# Advice on retiring a Schutzhund dog



## jayd215 (Dec 23, 2010)

I adopted a GSD two months ago. I recently learned from the previous owner that the dog had been involved in what sounds like Schutzhund training. He had witnessed the dog doing bite work with a bite sleeve, and he told me (after I had already adopted her) that she knew all her commands in English and German. He wasn't aware of what Schutzhund is, but I had read a little and pressed him for more information on her training. I'm pretty sure that she has some Schutzhund experience.

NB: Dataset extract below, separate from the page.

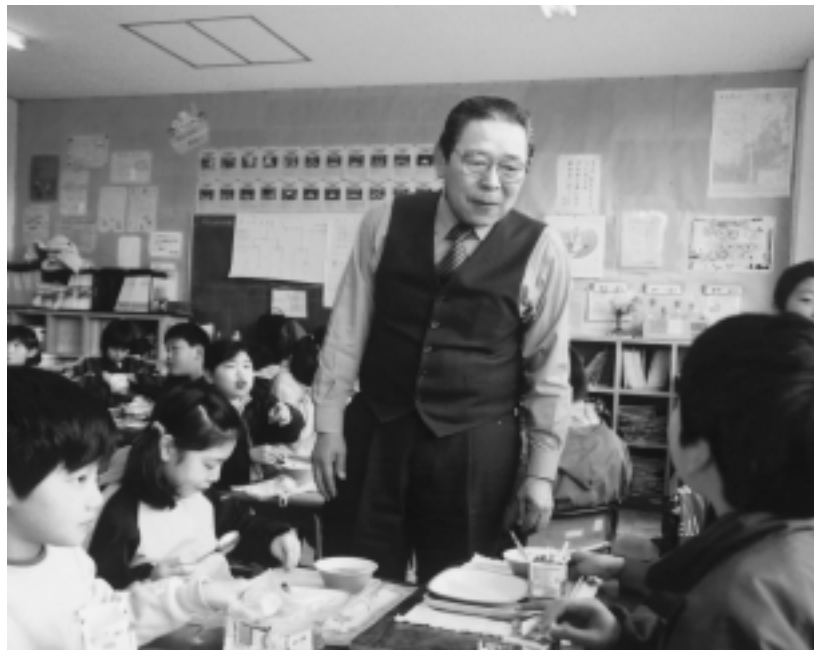
いっしょに給食を食べながら子どもたちと話しをする市長

農業では、関係機関との連携の中で特産品づくりなどを推進し、将来性のある首都圏農業の確立を目指していく一方、生乳生産本州一を誇る酪農に關しましても、課題であるふん尿対策に鋭意努力しながら生産の拡大と安定経営を目指してまいります。

I do want to keep the dog working, but I don't want to continue with Schutzhund. I'd like to train her for search and rescue or do some agility work instead. I haven't yet had her tested to find out the extent of her Schutzhund training, but I've gotten in touch with a local trainer and have the info for their testing.

In my home and her previous owners, she has been an exceptionally mellow dog. She greets visitors at the door calmly with her ears down and her tail wagging in a friendly way, showing submission. When we pass strangers on the street, she calmly watches them pass, sometimes with a small sniff but usually she will look at them calmly and then ignore them. I don't see any evidence that she was poorly trained or that things she learned in Schutzhund training are seeping over into the rest of her life.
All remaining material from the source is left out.